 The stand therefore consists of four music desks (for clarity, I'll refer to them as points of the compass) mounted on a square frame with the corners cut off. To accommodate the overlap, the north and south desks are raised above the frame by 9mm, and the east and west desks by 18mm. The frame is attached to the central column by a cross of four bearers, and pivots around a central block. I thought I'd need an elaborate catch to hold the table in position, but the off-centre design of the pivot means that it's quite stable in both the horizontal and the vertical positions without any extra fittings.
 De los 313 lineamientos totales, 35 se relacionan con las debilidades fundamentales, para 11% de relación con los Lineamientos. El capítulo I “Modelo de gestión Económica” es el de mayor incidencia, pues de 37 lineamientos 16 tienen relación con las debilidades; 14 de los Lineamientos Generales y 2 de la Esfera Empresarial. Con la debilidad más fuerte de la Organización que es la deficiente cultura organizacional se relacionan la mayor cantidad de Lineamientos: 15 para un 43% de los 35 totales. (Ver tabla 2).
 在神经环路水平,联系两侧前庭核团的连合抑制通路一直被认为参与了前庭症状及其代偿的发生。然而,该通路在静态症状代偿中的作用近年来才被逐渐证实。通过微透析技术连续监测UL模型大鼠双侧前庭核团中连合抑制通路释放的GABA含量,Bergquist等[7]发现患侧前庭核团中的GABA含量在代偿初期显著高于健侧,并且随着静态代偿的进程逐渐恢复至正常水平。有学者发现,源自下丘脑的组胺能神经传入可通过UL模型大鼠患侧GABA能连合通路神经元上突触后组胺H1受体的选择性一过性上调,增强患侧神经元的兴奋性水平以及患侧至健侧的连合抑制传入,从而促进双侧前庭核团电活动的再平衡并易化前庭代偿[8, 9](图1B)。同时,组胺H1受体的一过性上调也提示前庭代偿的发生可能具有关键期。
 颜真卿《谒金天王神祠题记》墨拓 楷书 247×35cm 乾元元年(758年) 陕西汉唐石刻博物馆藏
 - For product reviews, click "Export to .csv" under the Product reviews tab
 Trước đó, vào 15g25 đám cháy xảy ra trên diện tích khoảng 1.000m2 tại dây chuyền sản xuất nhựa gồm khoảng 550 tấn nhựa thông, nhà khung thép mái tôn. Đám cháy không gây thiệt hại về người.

:::

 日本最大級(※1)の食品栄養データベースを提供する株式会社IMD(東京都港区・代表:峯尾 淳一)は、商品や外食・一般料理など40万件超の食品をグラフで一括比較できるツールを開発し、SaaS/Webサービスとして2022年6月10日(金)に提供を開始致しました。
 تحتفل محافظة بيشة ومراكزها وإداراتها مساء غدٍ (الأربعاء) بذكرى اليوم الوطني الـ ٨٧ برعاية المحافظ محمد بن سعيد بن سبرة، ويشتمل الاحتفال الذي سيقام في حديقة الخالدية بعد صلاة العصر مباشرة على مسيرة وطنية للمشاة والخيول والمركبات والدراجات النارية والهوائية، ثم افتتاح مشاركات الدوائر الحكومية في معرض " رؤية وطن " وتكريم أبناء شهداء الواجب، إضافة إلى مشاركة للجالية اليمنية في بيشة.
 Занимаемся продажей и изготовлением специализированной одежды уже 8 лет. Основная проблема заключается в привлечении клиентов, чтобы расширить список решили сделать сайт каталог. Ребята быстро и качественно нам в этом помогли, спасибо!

:::

• **INSTRUCTIONS TO FOLLOW**
Output the lines of the records above exactly as they appear, from the line containing "The stand therefore" through the line containing "颜真卿《谒金天王神祠题记》墨拓 楷书 247×35cm".

• **RESPONSE TO THE TASK**
 The stand therefore consists of four music desks (for clarity, I'll refer to them as points of the compass) mounted on a square frame with the corners cut off. To accommodate the overlap, the north and south desks are raised above the frame by 9mm, and the east and west desks by 18mm. The frame is attached to the central column by a cross of four bearers, and pivots around a central block. I thought I'd need an elaborate catch to hold the table in position, but the off-centre design of the pivot means that it's quite stable in both the horizontal and the vertical positions without any extra fittings.
 De los 313 lineamientos totales, 35 se relacionan con las debilidades fundamentales, para 11% de relación con los Lineamientos. El capítulo I “Modelo de gestión Económica” es el de mayor incidencia, pues de 37 lineamientos 16 tienen relación con las debilidades; 14 de los Lineamientos Generales y 2 de la Esfera Empresarial. Con la debilidad más fuerte de la Organización que es la deficiente cultura organizacional se relacionan la mayor cantidad de Lineamientos: 15 para un 43% de los 35 totales. (Ver tabla 2).
 在神经环路水平,联系两侧前庭核团的连合抑制通路一直被认为参与了前庭症状及其代偿的发生。然而,该通路在静态症状代偿中的作用近年来才被逐渐证实。通过微透析技术连续监测UL模型大鼠双侧前庭核团中连合抑制通路释放的GABA含量,Bergquist等[7]发现患侧前庭核团中的GABA含量在代偿初期显著高于健侧,并且随着静态代偿的进程逐渐恢复至正常水平。有学者发现,源自下丘脑的组胺能神经传入可通过UL模型大鼠患侧GABA能连合通路神经元上突触后组胺H1受体的选择性一过性上调,增强患侧神经元的兴奋性水平以及患侧至健侧的连合抑制传入,从而促进双侧前庭核团电活动的再平衡并易化前庭代偿[8, 9](图1B)。同时,组胺H1受体的一过性上调也提示前庭代偿的发生可能具有关键期。
 颜真卿《谒金天王神祠题记》墨拓 楷书 247×35cm 乾元元年(758年) 陕西汉唐石刻博物馆藏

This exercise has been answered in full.